Online gaming coalition seeks open market in Québec as province reports $11B deficit

Group argues open gaming market in Québec could generate $230 million in tax revenue annually.

The Québec Online Gaming Coalition (QOGC) believes the province is missing out on a promising opportunity.

The coalition has voiced its displeasure with the Québec government for not reaping the benefits of an open online gaming market as the province reported a record $11 billion deficit in its 2024-25 budget. The group believes Québec is missing out on substantial tax revenue from open gaming, which is projected to reach at least $230 million annually.

The tax revenue could then be allocated toward the economy, health, and education.

“The Minister [of Finance] missed an opportunity to send a clear signal in his budget, following Alberta’s example last week, to take action towards implementing regulations that would protect Québecers while boosting government revenues,” said spokesperson Nathalie Bergeron. “Instead of listening to the experts, who have been calling for regulation of the online gaming market for over 10 years, Québec prefers to protect Loto-Québec’s monopoly, to the detriment of public services and the Quebec society that receives them.”

The QOGC has taken this stance as Ontario drives profits from regulated open gaming.

Canada’s most populous province launched an open market in 2022. In its first year of operation, Ontario’s open gaming market generated $523 million in revenue for provincial and municipal governments. It also added $1.6 billion to Ontario’s GDP.

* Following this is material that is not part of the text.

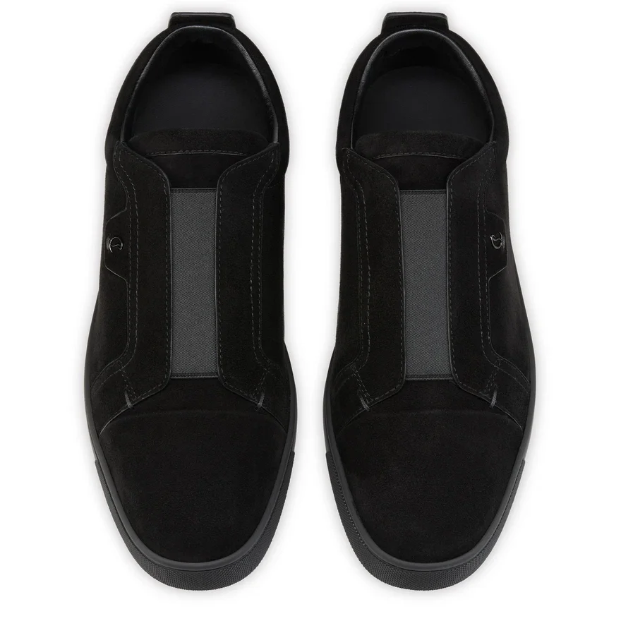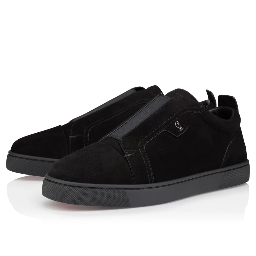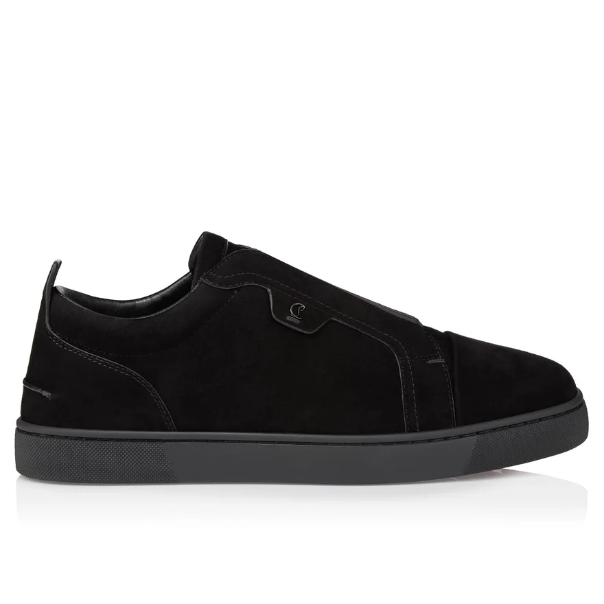 An Iconic Maison Christian Louboutin Sneaker, the St Louis Enchants with Its Modern Style. Crafted in Black Veau Velours, It is Set on a Tonal Rubber Sole. A Slip-On Version of the Iconic Louis, This Sporty Model with a More Supple Construction Features an Elasticated Band on the Upper and an Elegant, Slightly Rounded Toe.

As a result, the coalition has demanded that Québec’s Minister of Finance review Loto-Québec’s mandate, which makes the crown corporation the province’s online wagering platform. The QOGC is asking the Québec government to establish a regulatory body for private operators in the province to ensure that wagering has proper oversight.

The coalition stands to be heard, with members from some of the world’s largest gambling operators, including DraftKings, Entain, Flutter Entertainment and Rush Street Gaming.